Machado había dicho siempre que “para enterrar a una persona, con envolverla en una sábana es suficiente”. Un fotógrafo conocido como señor Sánchez retrató a Machado en la cama, cubierto con la bandera. La madre, Ana Ruiz, moría tres días después, justo el día en que habría cumplido 85 años; cumplió su promesa, “estoy dispuesta a vivir tanto como mi hijo Antonio”, había dicho meses antes en Rocafort.

Antonio Machado cubierto con la bandera republicana

Tras correrse la voz de que había muerto Machado, el hotel Bougnol-Quintana se llenó de gente. Desde París, el poeta Jean Cassou se ofreció para trasladar el cuerpo a la capital francesa. “Es un deber para nosotros, escritores franceses, encargarnos de las cenizas del gran Antonio Machado, caído aquí, en tierra francesa donde había buscado y creído encontrar refugio”. Sin embargo, José Machado declinó amablemente el ofrecimiento y el féretro fue llevado finalmente al cementerio de Collioure por milicianos de la Segunda Brigada de Caballería ‘Andalucía’.
Hubo una última benefactora, Marie Deboher, amiga de madame Quintana, que prestó un espacio en su panteón familiar para que reposaran en él, de forma provisional, los restos de Antonio Machado, mientras que la madre fue sepultada en tierra, en una zona destinada a la gente sin recursos.
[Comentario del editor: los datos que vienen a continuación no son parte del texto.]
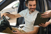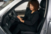Zdjęcie "Zadowolony salon samochodowy kobieta klient odbierający auto zdalnego sterowania jednostki od sprzedawcy" może być wykorzystywane do celów osobistych i komercyjnych zgodnie z warunkami zakupionej licencji Royalty-free. Obraz jest dostępny do pobrania w jakości wysokiej rozdzielczości do 5760x3840.
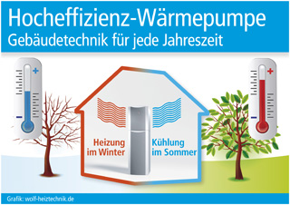 So ist eine Hocheffizienz-Wärmepumpe des Systemanbieters Wolf Heiz- und Klimatechnik (Mainburg) erhältlich, die diesen zusätzlichen Aufgabenbereich einfach durch Zuschaltung eines speziellen Kühlmoduls übernehmen kann. Das Hightech-Zubehör nutzt die tief ins Erdreich verlegte Sonde der Sole-/Wasser-Wärmepumpe für die so genannte passive Kühlung. Damit wird der praktische Effekt bezeichnet, dass sich auch bei großer Hitze die angenehm kühlen Temperaturen aus dem Erdreich ohne weitere Energiezufuhr auf die Luft im Gebäudeinneren übertragen lassen. Im Gegensatz zu konventionellen Klimaanlagen, die zum Betrieb jederzeit Strom benötigen, ist dies also eine wesentlich kostengünstigere Kühlmethode. Für den Hausbesitzer ergibt sich aus der Doppelfunktion der Wärmepumpe eine noch schnellere Amortisation seiner Investitionen, weil die dauerhaft beschäftigte Anlage während des ganzen Jahres zur Reduzierung der Nebenkosten beiträgt.
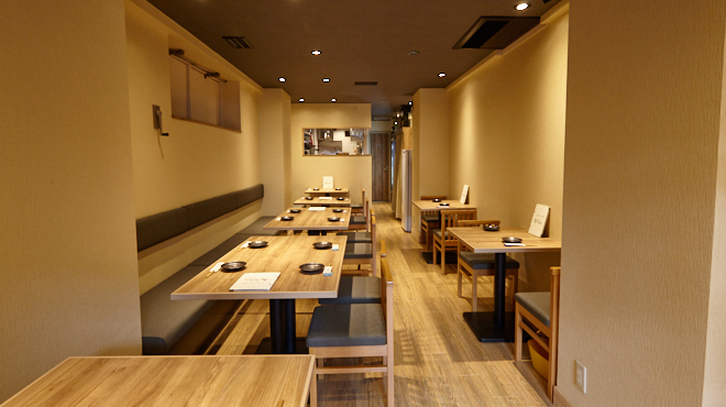 店内はラーメン店らしくコの字カウンターのテーブルが並びますが、白を基調としているのでスタイリッシュさが感じられます。
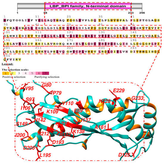 The second stage was to utilize the maximum probability estimate to locate amino acid positions that were the subject of positive selection throughout the course of evolution. The Bayes theorem, which predicts the posterior probabilities of the sites that are subject to positive selection, was used to successfully accomplish this goal. Positive selection was observed to be operating at amino acid locations with posterior probabilities ranging from 95% to 99% [33]. Amino acid residues with a high probability that the value was greater than one were subjected to selective procedure. The Swiss model and Phyre 2 (http://www.sbg.bio.ic.ec.k/phyre/html, accessed on 28 September 2021) are web-based applications that display the locations of favorably selected amino acids on protein structures [34]. We predicted the location of evolutionary conservation of nucleic acids and amino acids in the protein using the ConSurf tool (http://consurftest.tau.ac.il, accessed on 28 September 2021), which was based on the phylogenetic relationship between sequences [35]. The sequence of the aligned codon of BPIFA1 was examined in Selecton version 2.2 (http://secton.tau.ac.il, accessed on 28 September 2021), which permits determining the varied ratios of various codons inside the aligned sequences. These ratios were measured using the Bayesian inference approach through various likelihood tests. This was performed to confirm positively selected codons [36]. Moreover, the Selecton results were shown in various colors to denote the various selection criteria.
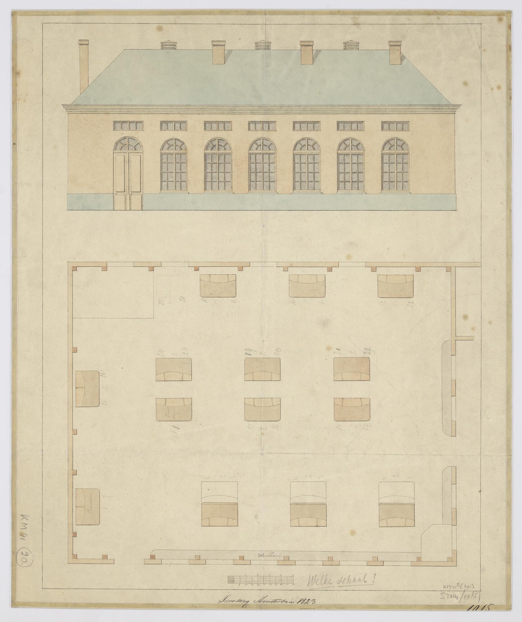 Vooraanzicht en indelingstekening van de oude smederij op de Rijkswerf te Amsterdam in 1823

Todos estaban convencidos en Francia de que España reclamaría el cuerpo de tan insigne creador, pero llegó el momento en que madame Deboher necesitó el panteón y se abrió una suscripción que recibió aportaciones del mundo entero hasta sumar 413.472 francos. Con ellos fue costeada la tumba donde reposan madre e hijo, y que hoy es lugar de peregrinación de los devotos machadianos y de los interesados en la memoria republicana en el exilio.
Apenas he podido encontrar nada de la vida estos personajes después de este triste acontecimiento y que tan desinteresadamente ayudaron al poeta y su familia a la llegada a Collioure, solamente unos valiosísimos audios y un par de fotografías de cada uno de ellos.
José Machado, desde su exilio en Chile, continuó teniendo relación epistolar con ellos hasta su muerte, ocurrida en 1958.
Sus nombres han quedado vinculados para siempre a la figura de Antonio Machado como un ejemplo de humanidad, de esa humanidad que desprendía el poeta. No pueden ser olvidados.
Juliette Figuères murió en 1989, su marido en 1960; Pauline Quintana en 1972 y Jacques Baills en 1983.
Merci, merci beaucoup monsieur Bails, madame Figuères et madame Quintana.